Con precios que cambian al compás de cada bombardeo, el mundo financiero bailó nuevamente al compás de lo que pasa en Medio Oriente. Lo que tuvo más impacto fue una suba vertical del petróleo. Y una movida de los inversores, que abandonan casi todas las monedas para pasarse al dólar, que es líquido y permite moverse rápido. A nivel local el dólar no se movió, hay súper peso. Los bonos se defienden. Y mientras las Bolsas mundiales bajan fuerte, esta vez el MerVal bajó apenas. Presión en torno a Caputo por la estrategia para financiar la deuda
- 🌍 Volatilidad global por el conflicto en Medio Oriente: los mercados caen y el petróleo sube.
- ⛽️ Refugio de inversores: el dólar se fortalece; oro, plata y criptomonedas muestran caídas.
- ⚠️ Advertencia del FMI: Kristalina Georgieva señala que la guerra podría reavivar la inflación y frenar el crecimiento mundial.
- 🧭 Incertidumbres: la duración del conflicto y la reacción de Irán definen el impacto económico.
- 🗳️ Factor político en EE. UU.: el apoyo a Trump podría influir en la economía; quedan ocho meses para las elecciones de medio término.
- 🛢️ Precios del petróleo: barril por encima de US$ 80, con potencial hacia US$ 100.
- 🇦🇷 Argentina: posible superávit comercial energético este año gracias al petróleo y gas (y ventas de litio y cobre).
- 🏦 BCRA y tipo de cambio: el banco central compra dólares; reservas caen por pagos y caída del oro; blue baja y oficial sube.
- 💼 Renuncia y movimientos en finanzas: Lew abandona su cargo; Caputo coloca un bono corto 2027 para asegurar financiamiento.
- 📈 Riesgo país y contexto electoral: sube a 545 puntos; si no baja, podría haber una corrida cambiaria en el año electoral.
- 📉 Bolsas y ADRs: caídas globales entre 1,5% y 3%; Galicia reporta una pérdida trimestral; ADRs argentinos con movimientos mixtos.
- 🪙 Commodities y divisas: petróleo sube ~8,7% (Brent cerca de 90 USD); Bitcoin cae ~3,6%; granos al alza en Chicago; metales bajan.
- 💵 Dólares en Argentina: dólar oficial a 1425,35; blue ~1400; Senebi ~1435,71; MEP ~1433,91; CCL ~1476,03; brechas y carry trade.
Con volatilidad extrema, al ritmo de cada bomba que va cayendo por ahora en cualquier lugar de Medio Oriente, los mercados mundiales volvieron a tener hoy otro día ciertamente complicado.
La reacción principal, por su repercusión, fue un nuevo salto vertical en el precio del petróleo y en una generalizada búsqueda de refugio de parte de los inversores, que salen de casi todas las monedas y se pasan al dólar, por una condición muy simple: es una posición líquida, que permite tomar decisiones de manera inmediata.
El resto de los activos que venían funcionando como refugio, como los metales preciosos, los metales básicos o las criptomonedas, anotaron en todos los casos cotizaciones a la baja. Y esto es por dos condiciones esenciales: el oro y la onza de plata ya habían subido hasta otra galaxia y la propia titular del FMI, Kristalina Georgieva, alertó que la guerra en Medio Oriente amenaza la estabilidad económica mundial, al punto de que reaparezca un pulso de mayor inflación y menor crecimiento en casi todas las naciones.

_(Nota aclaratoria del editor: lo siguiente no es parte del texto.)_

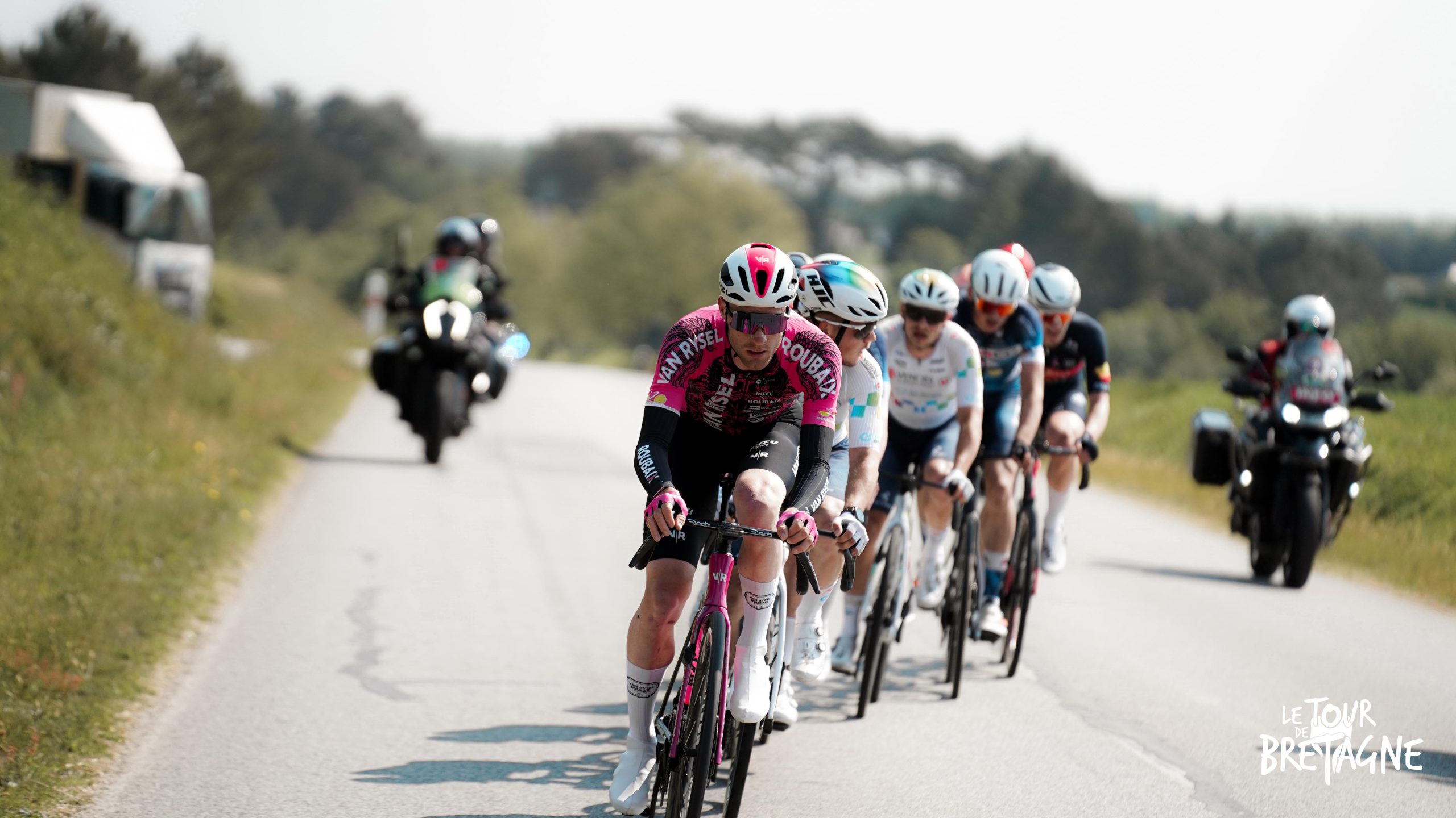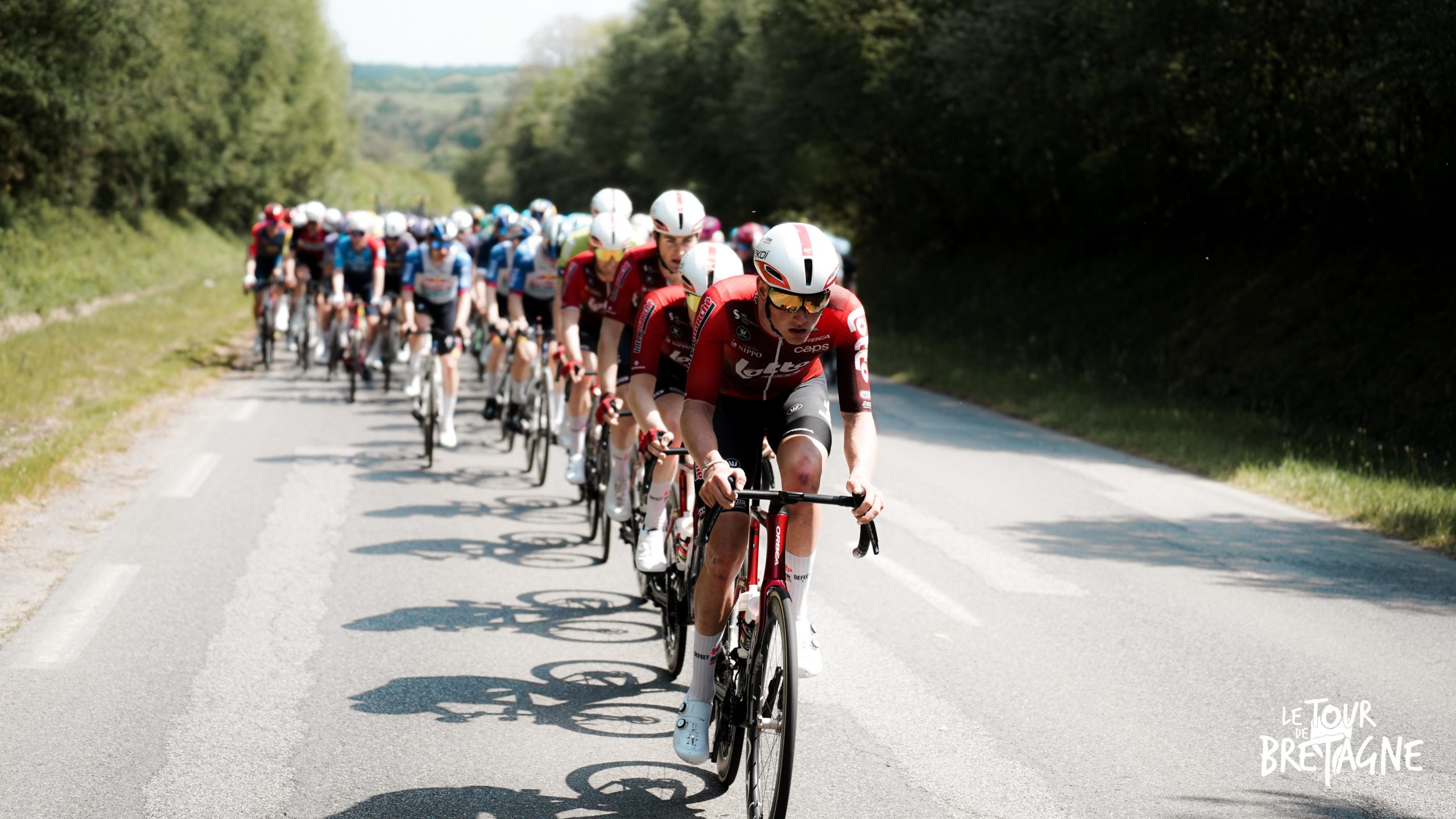 La plus longue étape de ce Tour de Bretagne, disputée sur 204,7 kilomètres entre Ploërmel et Briec-de-l’Odet, a rapidement pris une tournure offensive. Dès les premiers kilomètres, Swann Guefveneu puis Léandre Huck ont lancé les hostilités, avant qu’un groupe solide ne se forme à l’avant. Autour de Silas Koech, Huck, Sander Granberg, Mathéo Barusseau, Guefveneu, Axel Van den Broek et Bogdan Zabelinskiy, l’échappée a profité d’un peloton morcelé par le vent et les bordures.

Por supuesto, para que esa evaluación sobre lo que puede venir dependerá de la extensión del conflicto y, esencialmente lo que termine determinando Irán, en su Gobierno ahora al parecer no tan teocrático, pero sí más militarmente violento, y de la reacción de su sociedad, que de momento no se está moviendo demasiado, ya que en los últimos meses cada manifestación terminó con cientos de iraníes asesinados, mientras el Ayatollah que estaba al mando desde 1989 ejecutaba en un reino de terror.
Esta coyuntura, cuya extensión en el tiempo nadie puede predecir, plantea una serie de incógnitas, con diferentes efectos secundarios. Un gran elemento en juego es el respaldo que tenga el propio Donald Trump dentro de EE.UU., cuando faltan exactamente ocho meses para la elección norteamericana de medio término.
Trump sabe que esta guerra debe terminar pronto, con la menor cantidad de bajas de soldados norteamericanos y, fundamentalmente, descomprimiendo el precio del petróleo, ya que cuando la Casa Blanca inició estas movidas, con Venezuela primero, el barril de crudo costaba menos de US$ 60, iba a ir a US$ 50 y ahora está por arriba de US$ 80, posiblemente rumbo a US$ 100.
Para Argentina en particular, toda esta situación tiene resultados encontrados. Si Trump llega a perder la elección en noviembre, el presidente republicano puede llegar a quedar como pato rengo en la segunda parte de su mandato, y nadie sabe qué poder podrá tener para seguir actuando como prestador de última instancia para las necesidades del Gobierno de Milei.
Pero increíblemente como un costado circunstancialmente positivo, el altísimo valor que han tomado tanto el petróleo como el gas podrán permitir que la Argentina tenga este año un superávit comercial energético con un extra de más de US$ 2000 M, por lo que efectivamente se puede llegar a cumplir aquel alocado pronóstico de Milei, quien hasta hace poco tiempo dijo que "vamos a tener dólares hasta las orejas", no solo por el petróleo y el gas, sino también por toda la venta de litio, cobre y otros minerales.
Así, mientras en el mundo transcurrió un jueves casi negro, con bajas de proporciones en casi todas las Bolsas, el mercado argentino tuvo una rueda, si se quiere, bastante tranquila. Mientras el dólar global subía sin parar, a nivel local la pax cambiaria continuó mixta, con baja del dólar blue, pero repunte para los dólares oficiales y financieros. El BCRA volvió a comprar dólares y sigue la crucifixión de Milei: las reservas de la autoridad monetaria bajaron porque la Argentina sigue pagando puntualmente todas las deudas, esta vez el Bopreal y pagos con organismos, por lo que las divisas en Reconquista 266 se achicaron, entre otras cosas, también porque bajó el oro.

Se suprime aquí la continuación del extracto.